For all the awesome man-made sights on the Strip – the curving Wynn towers, the MGM’s massive golden lion, the Eiffel Tower – I would argue none of them can compare to the Hoover Dam when it comes to sheer immensity. It is awe-inspiring, over-the top, larger-than-life; everything Vegas embodies. But you remove the stomach-churning decadence and add in a large dose of American ingenuity. Besides, getting some fresh air is a welcome change from the recirculated casino oxygen.  

The ‘wow’ moments come early and often when you arrive at the Hoover Dam from the Nevada side. As soon as you step out of the car at the parking structure, you notice the massive wires overhead. Let your eyes follow them on their run down to the steel towers jutting from the cliffs, before they leap into oblivion as they cross the gorge.  
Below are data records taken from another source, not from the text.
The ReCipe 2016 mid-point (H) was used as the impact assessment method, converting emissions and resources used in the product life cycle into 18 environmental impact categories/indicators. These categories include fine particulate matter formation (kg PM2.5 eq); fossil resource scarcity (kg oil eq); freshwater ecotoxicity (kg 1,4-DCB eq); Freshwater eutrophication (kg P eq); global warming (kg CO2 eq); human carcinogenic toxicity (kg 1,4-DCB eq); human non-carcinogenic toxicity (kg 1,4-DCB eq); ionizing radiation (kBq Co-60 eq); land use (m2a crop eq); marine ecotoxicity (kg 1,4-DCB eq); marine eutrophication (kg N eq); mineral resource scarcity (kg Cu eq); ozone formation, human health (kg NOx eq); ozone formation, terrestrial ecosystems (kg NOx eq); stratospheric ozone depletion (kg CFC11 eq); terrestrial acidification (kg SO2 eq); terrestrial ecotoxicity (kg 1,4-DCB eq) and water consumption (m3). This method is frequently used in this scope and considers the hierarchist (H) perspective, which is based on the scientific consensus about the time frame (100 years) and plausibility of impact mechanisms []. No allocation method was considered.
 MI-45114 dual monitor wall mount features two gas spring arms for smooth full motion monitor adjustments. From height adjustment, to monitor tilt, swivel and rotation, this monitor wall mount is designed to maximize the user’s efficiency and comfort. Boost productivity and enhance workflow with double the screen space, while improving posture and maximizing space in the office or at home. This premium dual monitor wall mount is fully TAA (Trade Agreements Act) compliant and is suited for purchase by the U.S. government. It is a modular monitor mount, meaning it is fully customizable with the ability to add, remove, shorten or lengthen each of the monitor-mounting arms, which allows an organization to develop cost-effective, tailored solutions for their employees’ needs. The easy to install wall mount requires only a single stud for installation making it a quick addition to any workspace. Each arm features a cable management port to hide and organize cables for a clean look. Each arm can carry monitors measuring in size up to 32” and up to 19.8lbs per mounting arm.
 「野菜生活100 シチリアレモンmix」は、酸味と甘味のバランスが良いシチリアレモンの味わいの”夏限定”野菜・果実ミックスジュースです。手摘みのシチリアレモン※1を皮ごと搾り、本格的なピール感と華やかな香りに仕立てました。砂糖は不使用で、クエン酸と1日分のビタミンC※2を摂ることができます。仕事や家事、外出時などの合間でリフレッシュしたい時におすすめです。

Up to the right, the swooping bypass bridge – itself a marvel of modern engineering – soars among the clouds, allowing traffic to flow and not clog up the road atop the Hoover Dam.
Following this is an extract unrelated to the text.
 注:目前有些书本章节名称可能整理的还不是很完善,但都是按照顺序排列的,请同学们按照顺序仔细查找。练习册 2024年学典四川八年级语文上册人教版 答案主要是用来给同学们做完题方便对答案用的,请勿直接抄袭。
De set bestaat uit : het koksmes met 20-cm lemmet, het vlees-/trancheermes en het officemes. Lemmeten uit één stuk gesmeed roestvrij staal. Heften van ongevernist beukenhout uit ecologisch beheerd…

The visitor’s center across the road from the parking structure is a good stop and the launching point for the power plant tours that take you deep into the heart of Hoover Dam’s inner workings. It also affords a great view.

But being atop the dam is undoubtedly the most exciting aspect of visiting this National Historic Landmark.

As you stroll out onto the dam, you pass tall statues and a memorial paying homage to those who sacrificed to construct this engineering monster. Also tucked away into the side of the rock face is a small plaque with a dog embossed on it. It marks the grave where the workers’ mascot is buried: a stray puppy who accompanied the workers from the crew campsite to the worksite every day.

The height, the size, the smooth, curving drop all the way down to the river – it is breathtaking from every angle. I started on the left side of the road, looking up the mighty Colorado River at the long arms reaching out into space, ending in the lanky cylindrical turbine towers. There are two sets of two, standing erect like guards outside castle gates.

I kept walking and as I did stepped from Nevada to Arizona. On one set of towers is a clock marking the time in the Pacific Time Zone, while the other has a clock marking the Mountain Time Zone. In the middle, a plaque from 1955 commemorates when the American Society of Civil Engineers named the Hoover Dam one of the seven modern civil engineering wonders in the United States. The plaque also marks the state line between Nevada and Arizona.

I crossed to the other side of the road atop the dam and gazed over the railing from one of the protrusions. The view down was iconic: a pale white, smooth curving slide, plunging to the facility and river far below. It was dizzying, and the stomach lurch came each time I looked over the edge.

The history and factual information woven throughout the dam and the power plant add to the extraordinary sights. The power plant tour provides much of it, putting you face to face with the gargantuan generators at the heart of the Dam. Each year the plant generates enough power to serve 1.3 million people and is still one of the largest hydropower plants in the U.S. 

In the visitors center I learned the history of the dam’s construction, from start to finish.
From 1931 to completion in 1935, the daredevil workers erected the dam, defying death at every turn. The dam was named for 31st President Herbert Hoover. It was completed ahead of schedule and under budget. The Hoover Dam is a steadfast testament to America’s ingenuity and pioneering spirit.

Everything about the Hoover Dam is big: wide views, a vast and fascinating history, and a big rush of excitement every time you peer over the edge. It all adds up to a Dam good time.